An urn contains $1$ black and $2$ white balls. One ball is drawn at random and its color is noted. The ball is replaced in the urn, together with an additional ball of its color. There are now four balls int he urn. Again, one ball is drawn at random from the urn, then replaced along with an additional ball of its color. The process continues in this way. Let $B_n$ be the number of black balls in the urn just before the $n$th ball is drawn. I'm supposed to find some conditional expectations here, but I'm not sure how this would work.
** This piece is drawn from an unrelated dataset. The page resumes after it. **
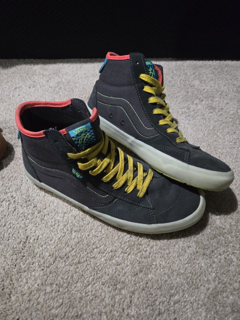 Womens 10 mens 8.5, somewhat narrow, only worn a handful of times. I like them better than sk8 Hi's! Last picture is of all the shoes I have to sell, mostly Vans, some skechers, one pair of north face sneakers. All around the same size, will lower price for multiples!

Firstly, this is a homework question and I'm just looking for tips on maybe how to look at this in a different way than it's stated or just some different tid-bits of info on how to get started on it.
Best Answer
If you have $b$ black balls and $w$ white balls then the proportion of black balls is $\dfrac{b}{b+w}$.
You then add a black ball with probability $\frac{b}{b+w}$ and a white ball with probability $\frac{w}{b+w}$. So the expected proportion of black balls becomes $$\frac{b}{b+w} \times \frac{b+1}{b+w+1} + \frac{w}{b+w} \times \frac{b}{b+w+1}.$$ Multiply this out and simplify and you will find this is still $\dfrac{b}{b+w}$. So the expectation stays the same as you move forward through the process and so by induction remains the same in future.